Yahya Kemal, yaşadığı dönemde hiç kitap yayımlamadı, kitapları ölümünden sonra yayımlandı. Şiirleri İstanbul semtlerine, Boğaziçi’nin güzelliğine, Osmanlı müziğine ve mimarisine duyduğu hayranlığın dile getirilişidir. Tarih, özellikle de Osmanlı tarihinin parlak dönemleri, doğa, aşk ve ölüm onun sürekli işlediği konulardı. Şiirlerini pürüzsüz bir İstanbul Türkçesi’yle yazdı. Dizelerinde özellikle bir sşs uyumu kurmaya, döneminin açık, anlaşılır Türkçe’sini kullanmaya özen gösterdi. Yahya Kemal aruz veznini Türkçe’ ye ustalıkla uyarlayan son şairdir. Hece ölçüsüyle yalnızca “Ok” adlı şiiri yazmıştır. Dizelerdeki anlam bütünlüğünü şiirin tümünde sağlamaya önem verdi. Bu özelliğini batı şiirini iyi bilmesine borçluydu. Divan ve batı şiirinin olumlu özelliklerini ustalıkla birleştirerek kendine özgü bir şiir anlayışı geliştirdi. Gerek şiirin konularına getirdiği zenginlik, gerek bu konuları işlemedeki ustalığıyla döneminin ve daha sonra gelen şairlerin üzerinde derin bir etki yarattı. Şiirlerinin birçoğu bestelenmiştir.
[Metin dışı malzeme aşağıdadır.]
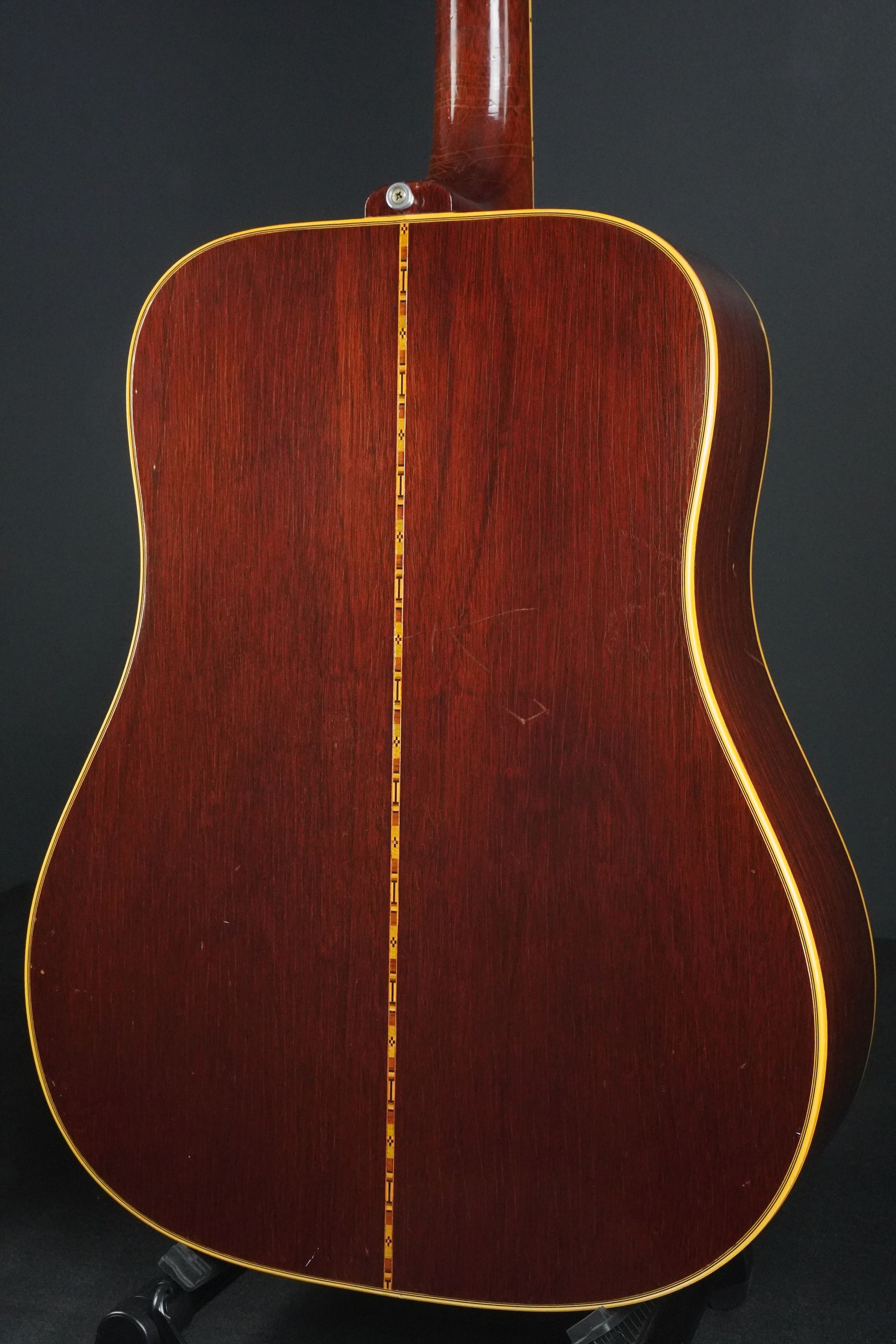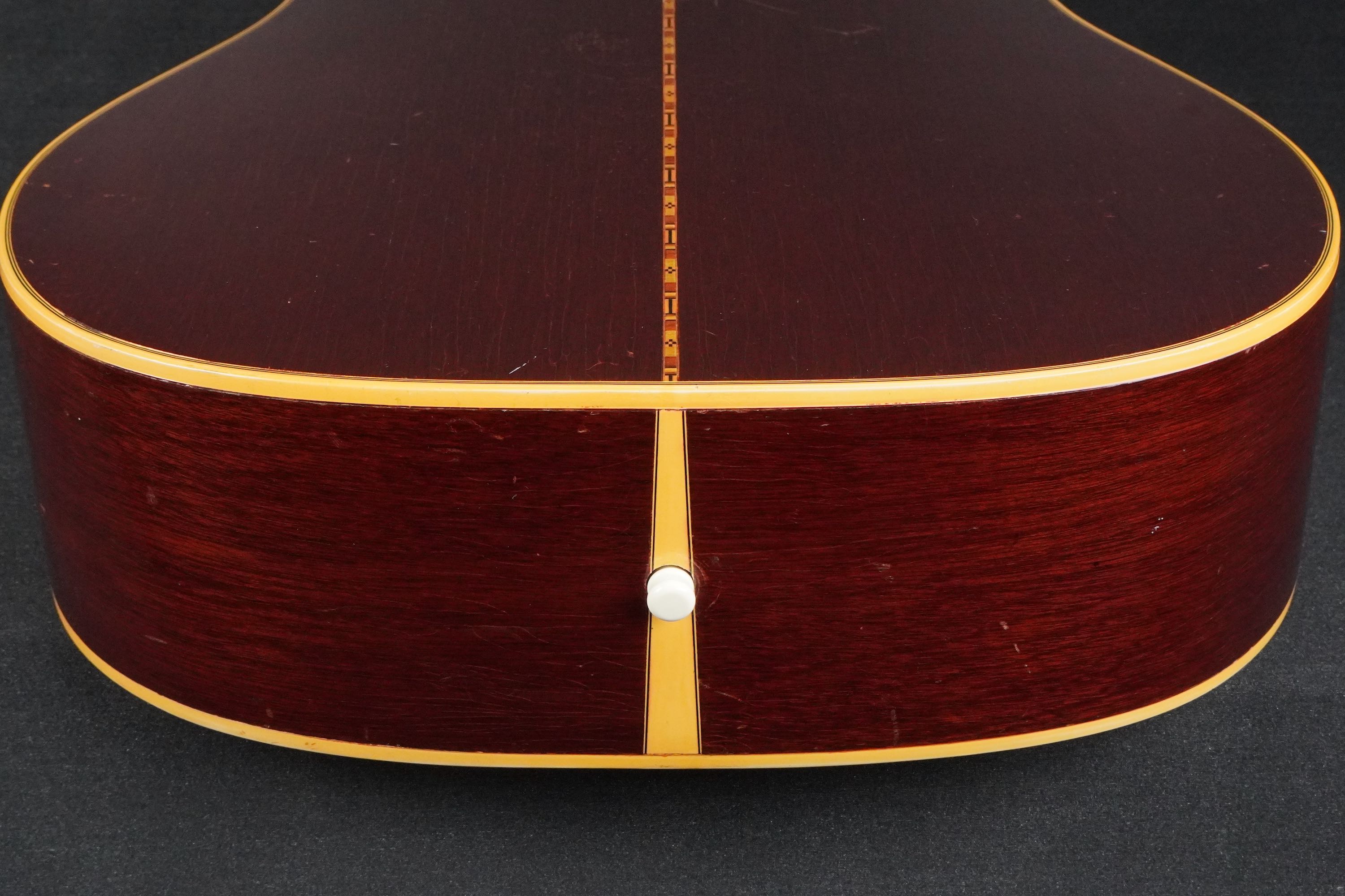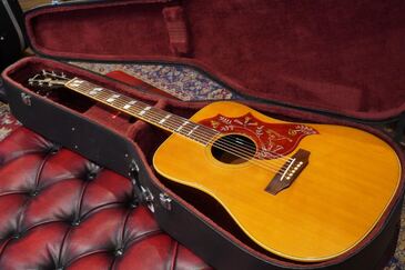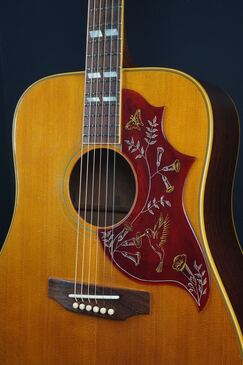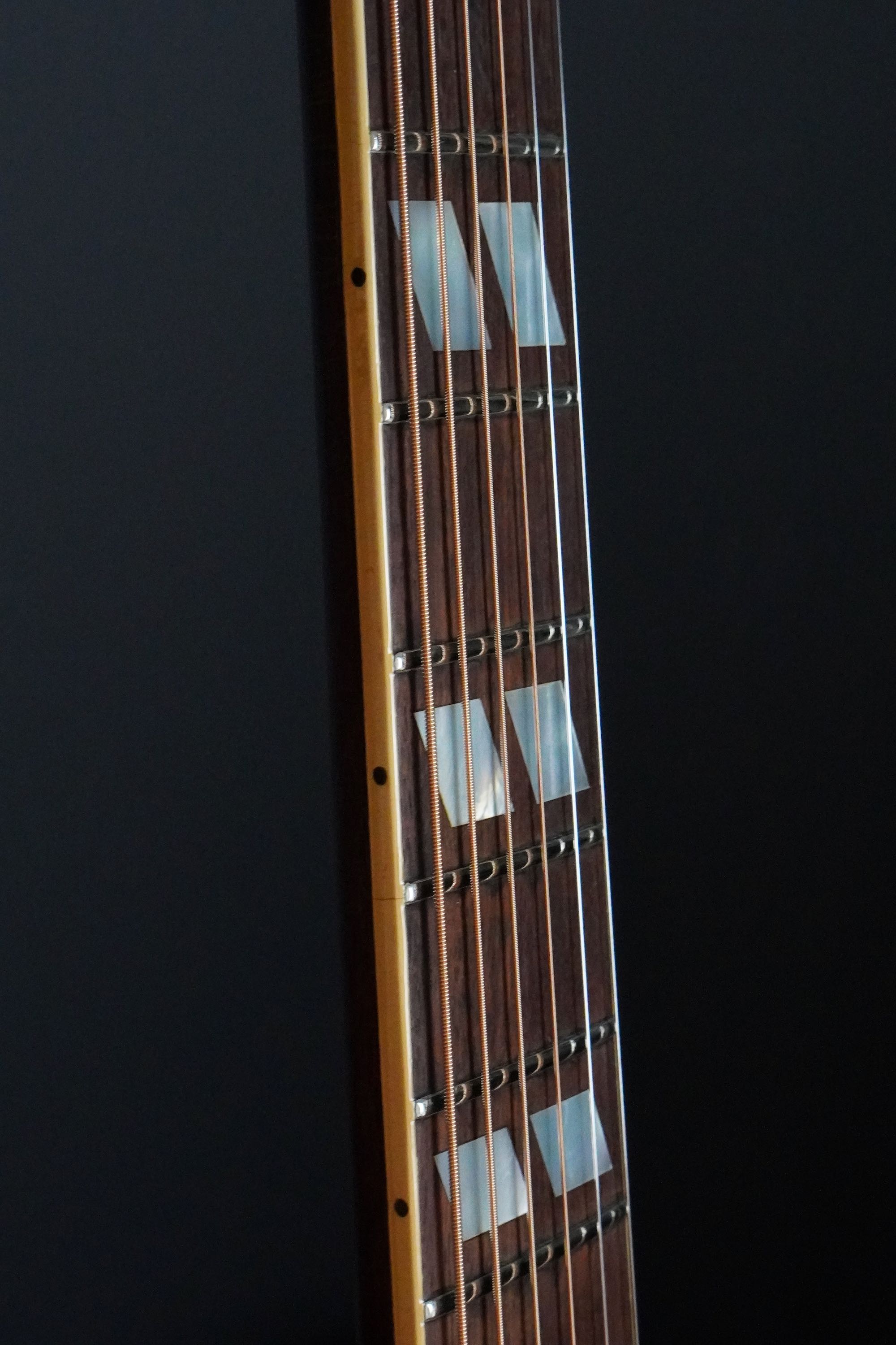 ボディはノーマルサドル以前の元々がアジャスタブル時期をサドル改造しており、ブレーシングも60年代後期の、ややガッチリし出した頃ですが、ダブルXになる以前、ネックグリップもナローからレギュラーグリップになった頃ですので、ギターの鳴り方は69年頃のハミングバードに近い感じです。

Yahya Kemal’in Divan şiiri etkisiyle yazdığı Eski Şiirin Rüzgârıyla (1962) adlı yapıtının dışındakiler, yeni bir anlayışa yöneldiği şiirlerdir. Bu şiirler Kendi Gök Kubbemiz (1961), Rubailer ve Hayyam Rubailerini Türkçe Söyleyiş (1963) adlı kitaplarda toplanmıştır. Ayrıca tarih, İstanbul, edebiyat ve siyaset gibi konularda çeşitli gazete ve dergilerde yayımlanan yazılan Aziz İstanbul (1964), Eğil Dağlar (1966), Edebiyata Dair (1971) ve anıları Çocukluğum, Gençliğim, Siyasi ve Edebi Hatıralarım (1973) adlı kitaplardadır.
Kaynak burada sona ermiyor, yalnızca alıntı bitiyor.